Copy nothing but the text: repeat each entry exactly and drop the images.

_INPUT_
/---

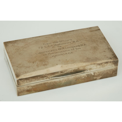 Portasigarette in argento con coperchio inciso da dedica. Punzoni inglesi
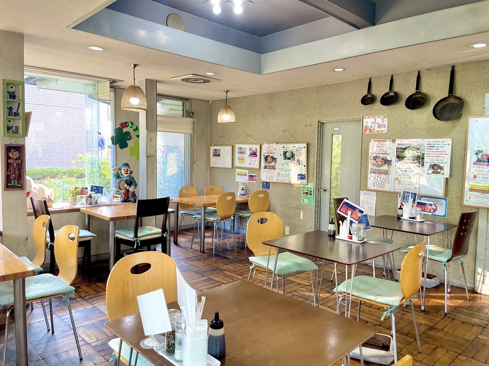 店内は大きな窓から日差しが差し込む明るい空間で、どこか懐かしいような、温もりのある雰囲気。たくさんのテーブル席があり、ひとりでもグループでも入りやすい印象です。
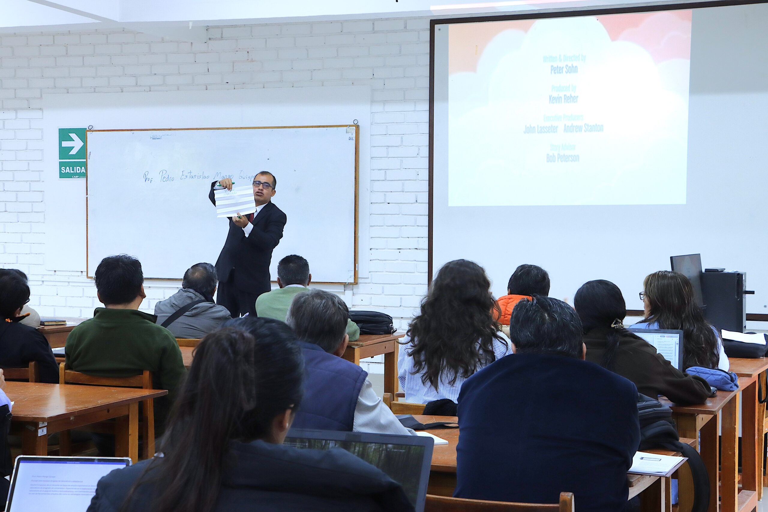 A su turno, el director de Desarrollo Docente, Dr. Oswaldo Turpo Gebera, precisó que la capacitación está dirigida inicialmente a 220 docentes recientemente nombrados y reincorporados, promoviendo espacios de intercambio de experiencias, evaluación y reconocimiento, como parte de una dinámica continua de mejora.
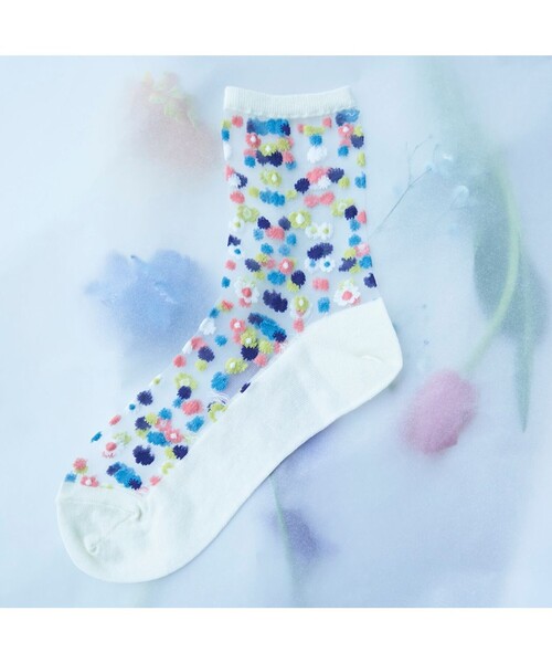 【ANEVER(アンエバー)】SEDUM_SOCKS IN FLOWER POUCH■デザインシアーなベースにカラフルなお花を散りばめたかわいらしいデザインのソックスです。透明PVC素材の花柄ポーチ付き靴下。セダムと名付けられた花柄プリントはドライフラワーを封入したアクリル樹脂の画像をテキスタイルに落とし込んだ本物の花柄です。靴下を取り出した後はポーチとしてお使いいただけます。またそのままギフトパッケージとしてもご使用いただけます。■同シリーズアイテムモノグラム ソックス IN フラワーポーチ(品番GNAZNM0001)※素材の特性上、同じ商品の中でも表現が異なります。一つ一つ異なった表情をお楽しみください。※画像はサンプルを使用しているため、実際にお届けする商品と仕様やサイズが異なる場合がございます。※画像の商品はサンプルです。実際の商品と色味、仕様、加工、サイズ、素材等が若干異なる場合がございます。※照明の関係により、実際よりもやや明るく見える場合がございます。またパソコンなどの環境により、若干製品と画像のカラーが異なる場合もございます。予めご了承くださいませ。
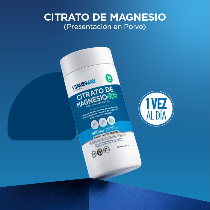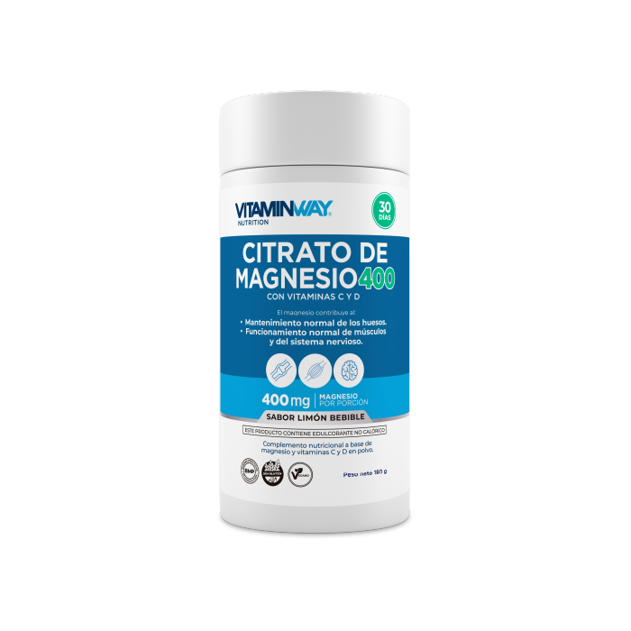 Citrato de Magnesio Vitamin Way® Aporta 400 mg de magnesio elemental por porción de alta absorción. Con vitaminas C y D, ayuda a relajar los músculos, fortalecer los huesos, mejorar la digestión y apoyar el equilibrio del sistema nervioso.
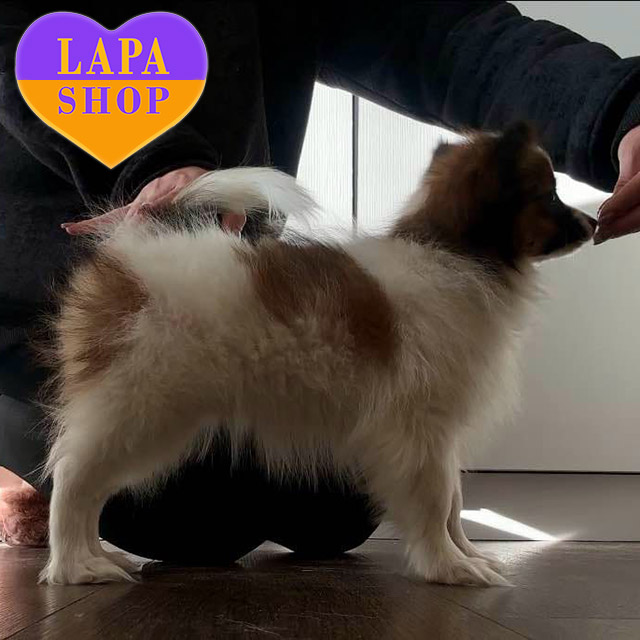 Этот грациозный мальчик породы континентальный спаниель с элегантной бело-соболиным окрасом. Его шелковистая шерсть, пушистые ушки и изящные черты придают ему королевский вид. Он непременно станет украшением вашего дома и настоящим другом.
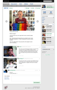 - 2.0 - This was a complete re-write. This version included live comment feeds, the ability to upload images for picture comments, and also made a use of @ replies, as well as an update to the iPhone App. This version was well received by most of the community, but with it came various bugs and problems. Not all of them have been fixed and troubles include problems saving photos and glitches that make it say users are following unrealistic numbers of people.
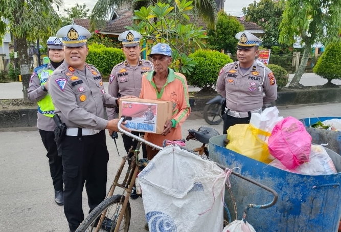 Sat Lantas Polres Inhil Bagikan Sembako kepada Tukang Becak dan Petugas Kebersihan
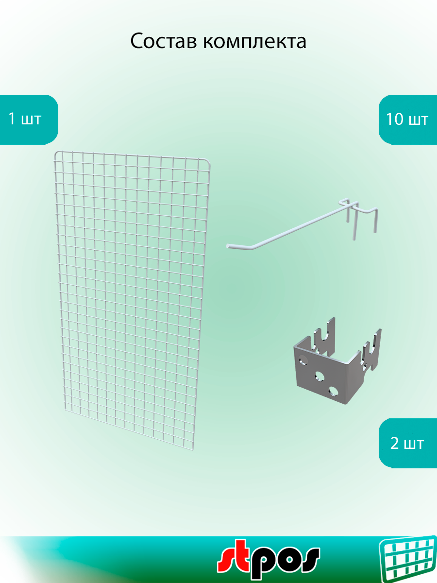 КОМПЛЕКТ Сетка 1200х600, Белый + Крючки на решетку одинарные 200 мм, d4, шаг 50мм, Белый - 10 шт + Скобы SLN информация:

\---

_FINAL ANSWER_
 Portasigarette in argento con coperchio inciso da dedica. Punzoni inglesi
 店内は大きな窓から日差しが差し込む明るい空間で、どこか懐かしいような、温もりのある雰囲気。たくさんのテーブル席があり、ひとりでもグループでも入りやすい印象です。
 A su turno, el director de Desarrollo Docente, Dr. Oswaldo Turpo Gebera, precisó que la capacitación está dirigida inicialmente a 220 docentes recientemente nombrados y reincorporados, promoviendo espacios de intercambio de experiencias, evaluación y reconocimiento, como parte de una dinámica continua de mejora.
 【ANEVER(アンエバー)】SEDUM_SOCKS IN FLOWER POUCH■デザインシアーなベースにカラフルなお花を散りばめたかわいらしいデザインのソックスです。透明PVC素材の花柄ポーチ付き靴下。セダムと名付けられた花柄プリントはドライフラワーを封入したアクリル樹脂の画像をテキスタイルに落とし込んだ本物の花柄です。靴下を取り出した後はポーチとしてお使いいただけます。またそのままギフトパッケージとしてもご使用いただけます。■同シリーズアイテムモノグラム ソックス IN フラワーポーチ(品番GNAZNM0001)※素材の特性上、同じ商品の中でも表現が異なります。一つ一つ異なった表情をお楽しみください。※画像はサンプルを使用しているため、実際にお届けする商品と仕様やサイズが異なる場合がございます。※画像の商品はサンプルです。実際の商品と色味、仕様、加工、サイズ、素材等が若干異なる場合がございます。※照明の関係により、実際よりもやや明るく見える場合がございます。またパソコンなどの環境により、若干製品と画像のカラーが異なる場合もございます。予めご了承くださいませ。
 Citrato de Magnesio Vitamin Way® Aporta 400 mg de magnesio elemental por porción de alta absorción. Con vitaminas C y D, ayuda a relajar los músculos, fortalecer los huesos, mejorar la digestión y apoyar el equilibrio del sistema nervioso.
 Этот грациозный мальчик породы континентальный спаниель с элегантной бело-соболиным окрасом. Его шелковистая шерсть, пушистые ушки и изящные черты придают ему королевский вид. Он непременно станет украшением вашего дома и настоящим другом.
 - 2.0 - This was a complete re-write. This version included live comment feeds, the ability to upload images for picture comments, and also made a use of @ replies, as well as an update to the iPhone App. This version was well received by most of the community, but with it came various bugs and problems. Not all of them have been fixed and troubles include problems saving photos and glitches that make it say users are following unrealistic numbers of people.
 Sat Lantas Polres Inhil Bagikan Sembako kepada Tukang Becak dan Petugas Kebersihan
 КОМПЛЕКТ Сетка 1200х600, Белый + Крючки на решетку одинарные 200 мм, d4, шаг 50мм, Белый - 10 шт + Скобы SLN информация:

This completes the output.